I think you can round that up to 20... Don't forget that most organs are good eating too. And the bones make broth. We haven't butchered any of our NDGs yet but I'm working on getting the DW's approval for our resident wether.


----------



## Cygnet (Sep 13, 2004)

Side note: I used to sell a lot of half-grown male kids for meat. Never butchered any myself (never had the heart, and I don't like goat meat). 

Most of the buyers were cooking them in deep pits or on a spit for parties. They liked the smaller goats for smaller parties.


----------



## Jay27 (Jan 11, 2010)

You might not get lots of meat, 25-30lbs, but it's good meat and raised by you! And you can do stuff with more than just the meat... tan the hides, save the bones for bone broth or the dog, save the skull (looks neat fleshed-out if your wethers still have horns), render the fat for soap or lard. I even kept some feet to show people how to properly trim hooves... Sounds gross but had hubby saw them in half so you can see where bones are.There is nothing wrong with butchering ND wethers. They don't get as large as meat breeds or other full size dairy wethers, but who cares!


----------



## Koda (Jun 10, 2014)

@jay27: So you have gotten 25-30 pounds of meat off of your wethers?

Thank you for sharing as well as the picture. Do you personally use the hides decoratively, sell them, turn them into things?

It seems like there's a lot of weight differences. From what I've read Nigerian Dwarf goats are supposed to max out around 75 pounds for bucks, does are supposed to be around 40 pounds max. So are your wethers heavier than that since you are getting over 25% meat?
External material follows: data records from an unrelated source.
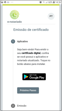 Para baixar o aplicativo, procure por “e-notariado” ou acesso um destes links:Que o Cartório Blasco libere a ativação do certificado;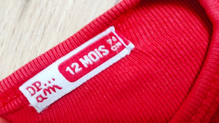 Pyjama DPAM 74CM, assez fin pour mi-saison. Rouge avec rayures blanches sur les manches. Thème pirates.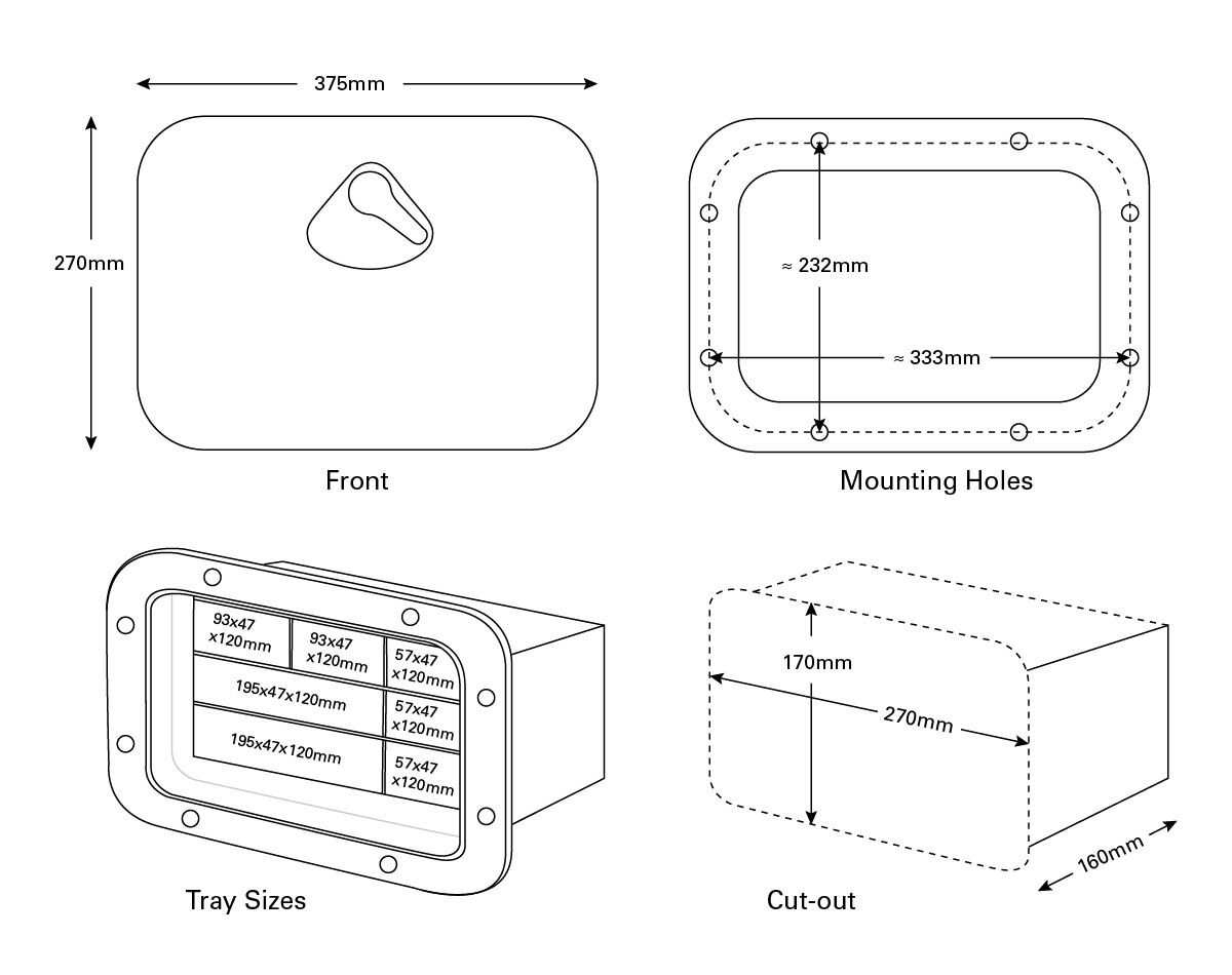 Cut out size : 270 x 170 x 160mm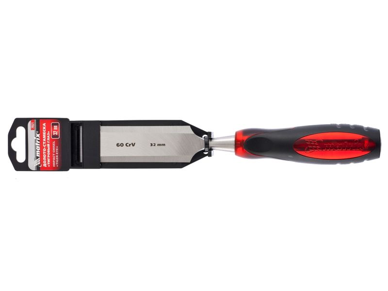 Долото-стамеска Matrix «Тигровый глаз» 24521 с полотном шириной 32 мм и двухкомпонентной обрезиненной рукояткой используется в столярном и плотницком деле, в производстве мебели. Позволяет вырезать углубления, формировать пазы, зачищать шипы и гнезда, снимать фаски. Инструмент выдерживает удары киянкой или молотком, т. к. металлический затыльник защищает его от деформации. Долото относится к профессиональному ручному инструменту, но может применяться и в домашних условиях.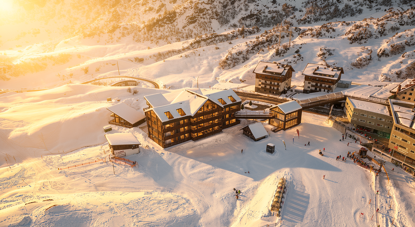important preserve the existing geometry and the existing context exactly as provided preserve the existing windows do not add new windows do not modify alter reinterpret add remove scale or reshape any geometry do not change the site surroundings street layout neighboring buildings vegetation or context elements do not modify geometry scale proportions buildings road layout sidewalks or surrounding context in any way do not modify text soft noon atmosphere diffused neutral natural daylight with subtle cold tones cinematic architectural mood warm interior lighting 3000k glowing from inside creating strong contrast between cool exterior and warm interior large glass surfaces with realistic reflections soft mirror effect subtle environmental reflections of sky and surroundingsimportant do not add new windowsremove the peoplemake it darker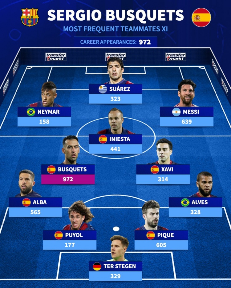 德转评布斯克茨最常搭档11人阵形 :梅西639场第1,皮克605场第2
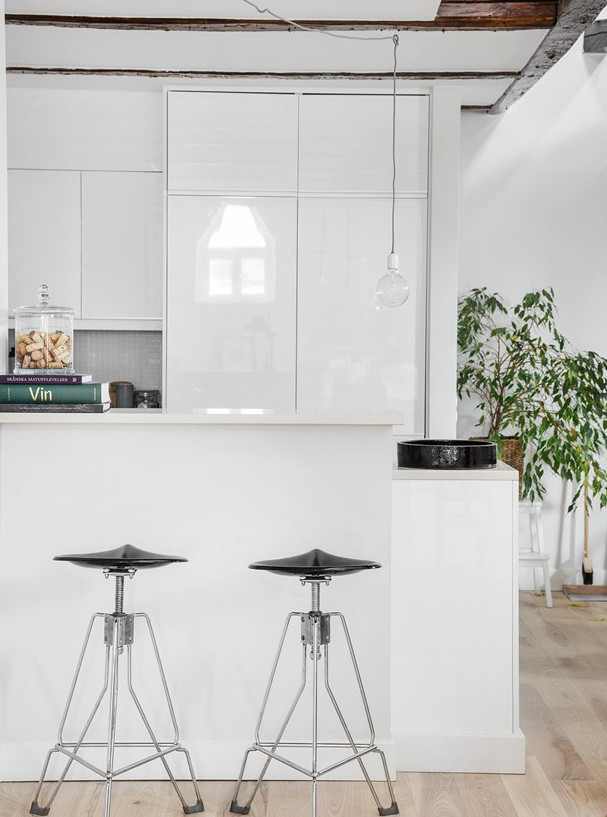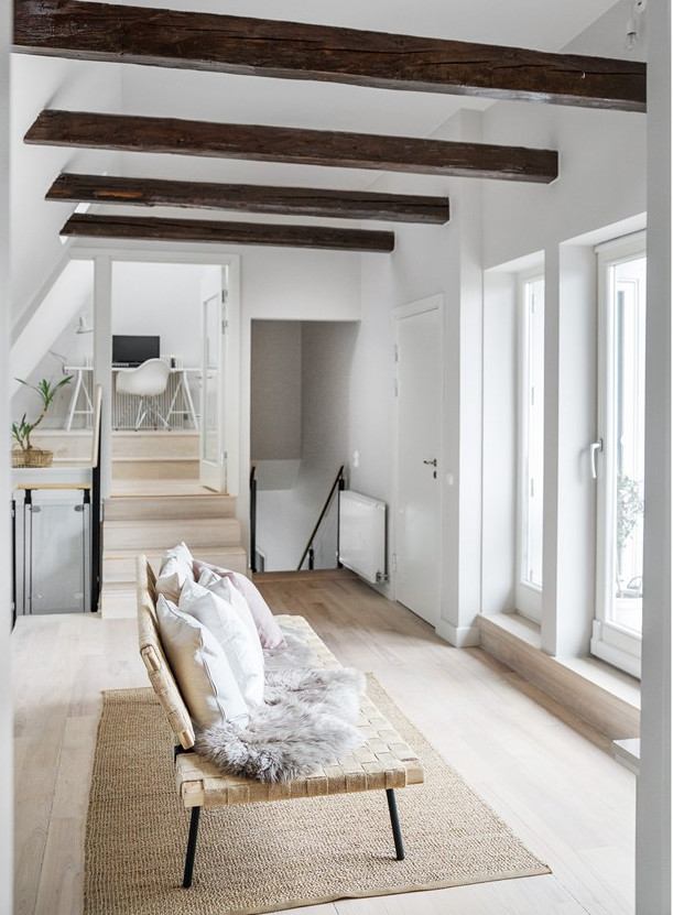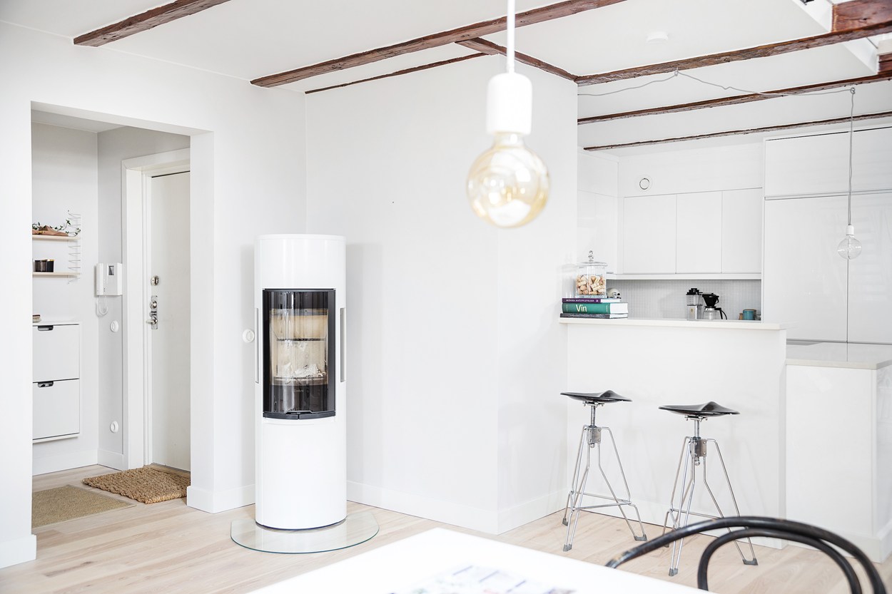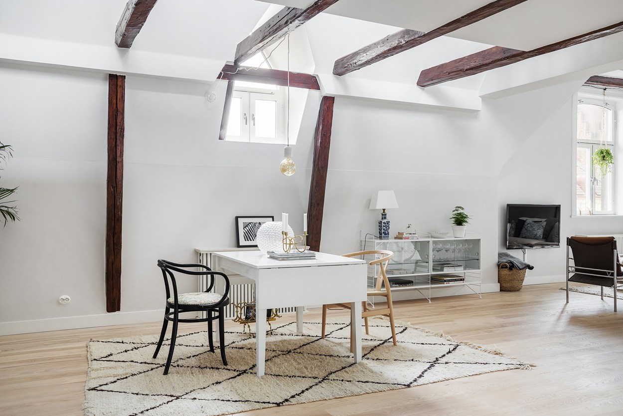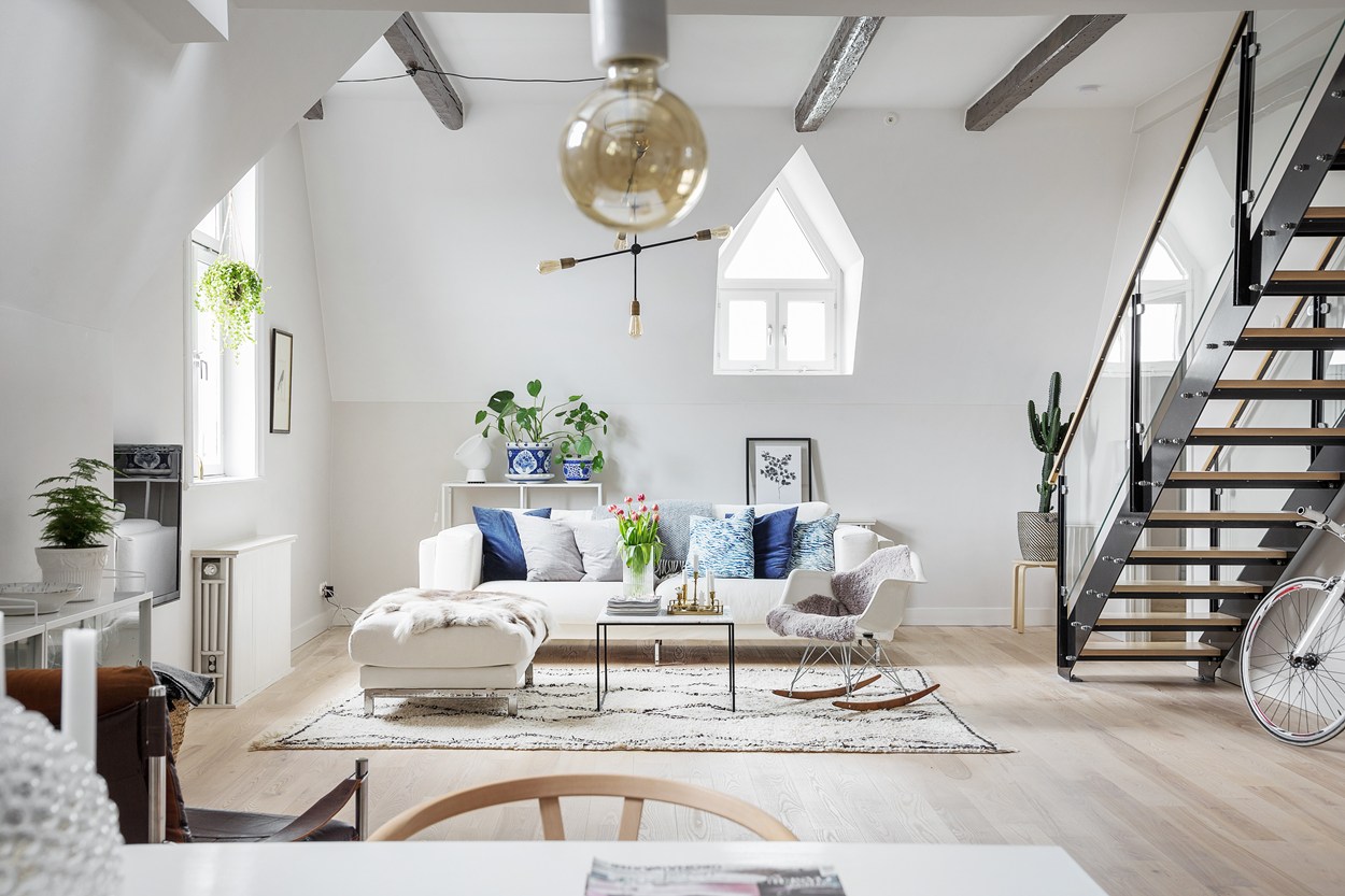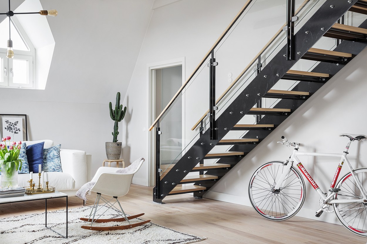 A ház, ahol ez az igencsak látványos lakás található, a 19. században épült Malmöben. Eredetileg a lakás fölött már csak a padlás volt, amit ügyes tervezéssel és átépítéssel idecsatoltak. A korabeli ablakmélyedések, a látszógerendák látványelemként jelennek meg az enteriőrökben. A stílus alapvetően modern és tagadthatatlanul skandináv, melyhez jól illenek az ipari jellegű kiegészítők. A padlástérhez sikerült egy apró kis tetőteraszt is kialakítani, mely - ha esik, ha fúj - a lakók kedvenc tartózkodási helye.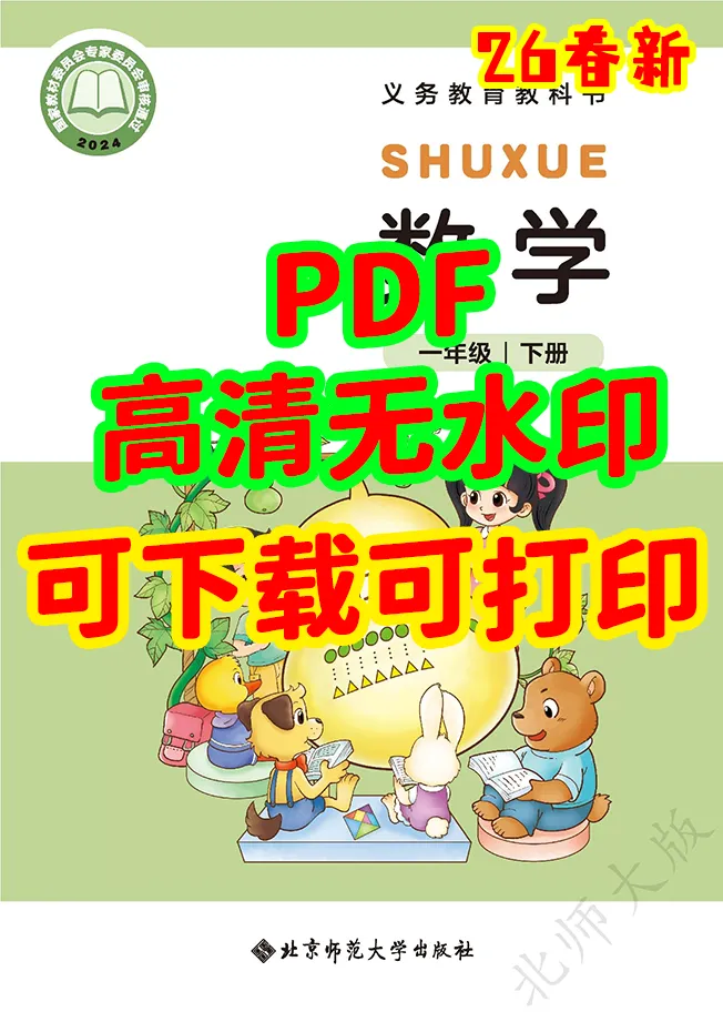 #26年春新小学北师大版数学一年级下册电子课本教材pdf高清无水印电子版可打印下载预习复习备考教学学习资料一年级二年级三年级四年级五年级六年级上册下册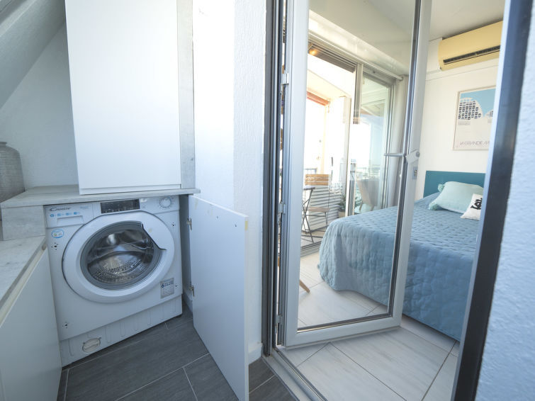 Appartement 2-kamers 44 m2 op de 8e verdieping, op het zuiden gelegen. Zeer comfortabel ingericht: woon-/eetkamer met 1 2-pers divanbed (160 cm, lengte 200 cm), TV (Flatscreen TV), elektrische verwarming en air-conditioning. 1 kamer met veranda met 1 2-pers bed (160 cm, lengte 190 cm), air-conditioning. Open keuken (oven, afwasmachine, 3 inductiekookplaten, broodrooster, waterkoker, magnetron, diepvriezer, elektrische koffiemachine). Douche, aparte WC. Elektrische verwarming. Klein terras 4 m2, op het zuiden gelegen. Terrasmeubelen. Zeer mooi uitzicht op zee en het landschap. Ter beschikking: wasmachine, strijkijzer, haardroger. Internet (Internet (WiFi), gratis). Parkeerplaats (1 Auto). Niet rokers woning. Rookmelders. Aanbod door een particulier volgens art. 155, IV van CGI. 30 04 503 039 356
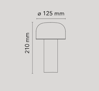 Rechargeable direct light table lighting device. Base and dome in coloured PC. Diffuser in Opaline injection moulded photo-engraved PC. 24-hours' autonomy, charging via Micro-USB-C. Push-button switch positioned on the base provides the 4-step dimmer function. Battery status indicator positioned under the base. USB-C charging cable included, useful length 120cm. USB battery charging on plug with interchangeable plugs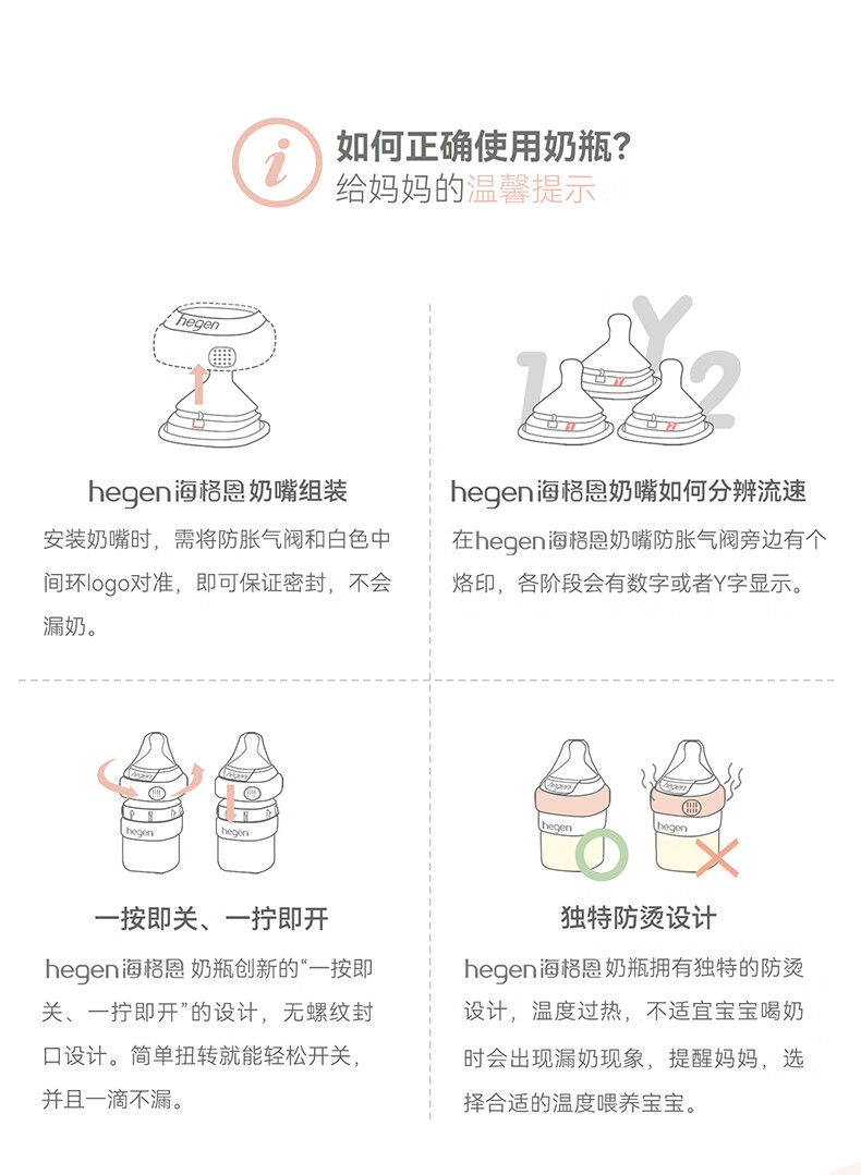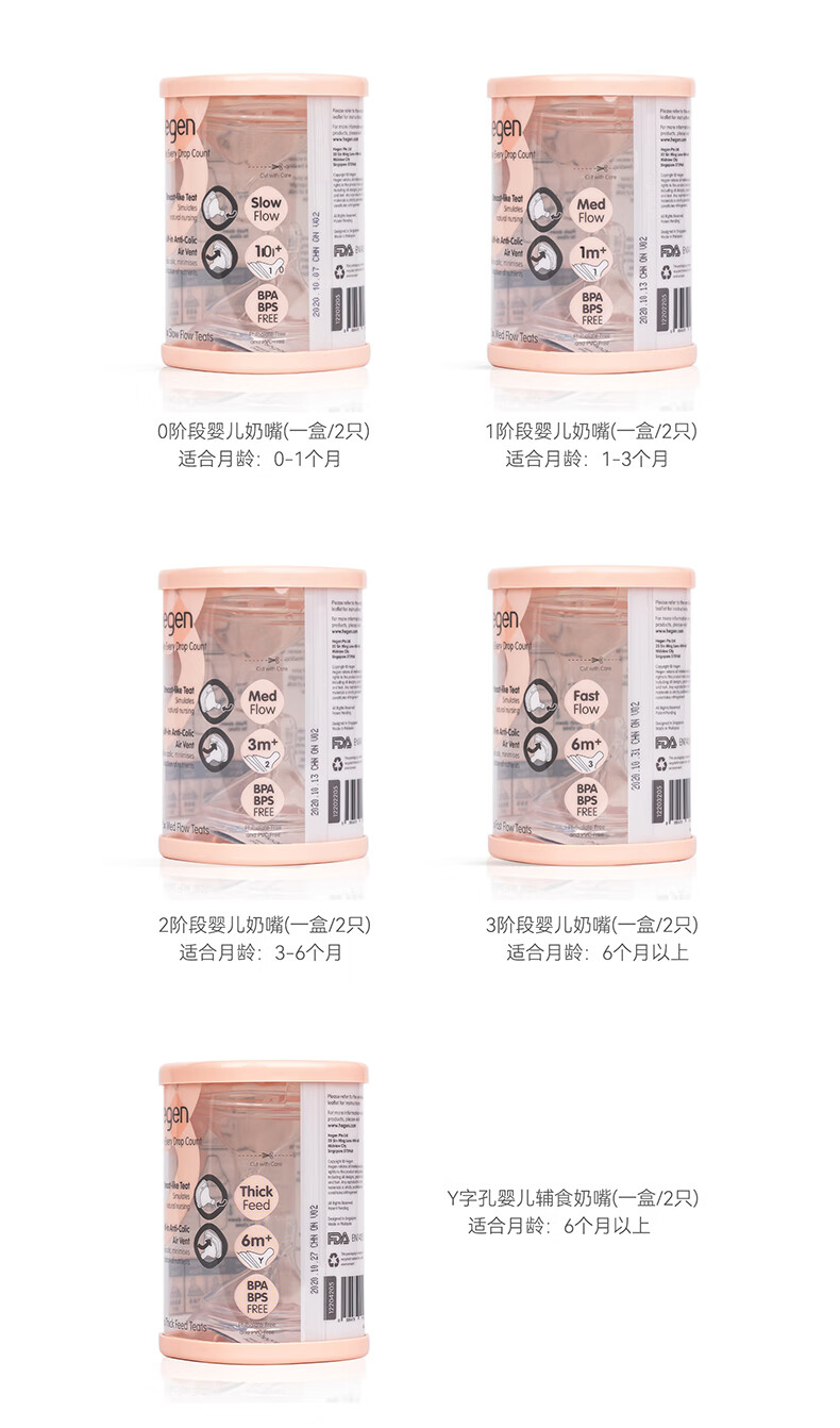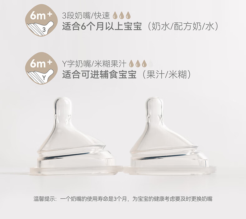 HEGEN海格恩新生儿奶嘴0-6个月以上超软硅胶仿母乳偏心防胀气婴儿奶嘴 【6-9个月】3阶圆孔奶嘴- 2只装

Or do your goats have a better dress out percentage?


----------



## Wonderland (May 26, 2009)

Koda said:


> @jay27: From what I've read Nigerian Dwarf goats are supposed to max out around 75 pounds for bucks, does are supposed to be around 40 pounds max.


Does should be 40lbs MINIMUM. My adult does are around 60lbs on average.


----------



## Cygnet (Sep 13, 2004)

Re: weights -- I think it's like potbelly pigs -- people like to claim their Nigies are smaller than they are. Plus goat weighs fluctuate a lot based on how full their bellies are, so if someone wants to claim a goat weighs 75 pounds, they can withhold feed for a day or two and get away with it, when the goat might normally weigh 95. 

Also, they LOOK smaller than they are, because they're short. 

My bucks usually weighed around 100 pounds with a full rumen, but if you asked people to guess, they'd guess 50-60. They were the same height as my 50 pound heeler-x dog, but -- particularly with full bellies -- they were a lot bigger. I took my buck into the vet one time to get a rabies shot, and the vet tried to put down 65. We put him on the scale and he weighed 105. He was NOT a large goat.

I actually like my goats a little larger than the breed standard calls for -- they're easier to milk and handle if they're a little taller -- but I'm suspicious of the sizes and weights a lot of breeders claim. 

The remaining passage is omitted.